Atalaya Capital Managment is getting deeper into the equipment leasing business.
The New York-based credit manager has raised $146.9 million toward the up to $175 million it is seeking for the strategy’s debut commingled vehicle, Atalaya Equipment Leasing Fund I, according to Securities and Exchange Commission filings.
The firm, which declined to comment, has invested in those types of transactions through its specialty finance fund series. Its most recent vehicle, Atalaya Asset Income Fund IV, was “substantially oversubscribed” and hit its $900 million hard-cap. The pool of capital is targeting a 10 percent net internal rate of return.
“It’s different, it’s not straight-down-the-fairway direct lending,” Atalaya founding partner and chief executive Ivan Zinn previously told Private Debt Investor. “It seems like people have their one to three corporate direct lending managers, and now they’re saying we like the return stream [from direct lending], but we want to diversify.
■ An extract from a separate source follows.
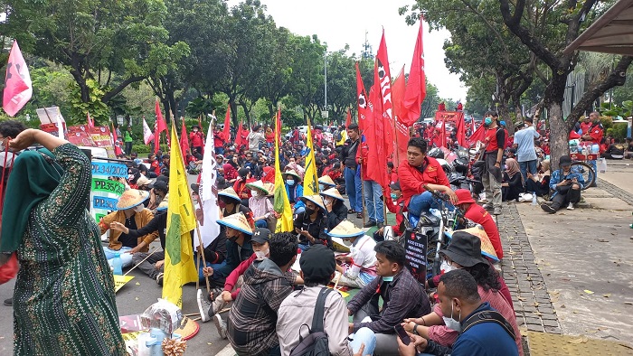 Kelompok massa yang turun ke jalan mencakup berbagai elemen masyarakat, termasuk serikat pekerja, mahasiswa, dan organisasi kemasyarakatan.

It’s the first derivative away from corporate direct lending.”
Atalaya is also in market with its latest corporate special situations fund, Atalaya Special Opportunities Fund VII, which has a $950 million hard-cap. Fund VI hit its $800 million hard-cap and has returned a 1.15x total value paid in multiple and a net internal rate of return of 10.1 percent.
Founded by Zinn in 2006, Atalaya also invests in real estate, in addition to specialty finance and corporate credit. In June 2017, the firm sold a passive, non-controlling stake to Dyal Capital Partners.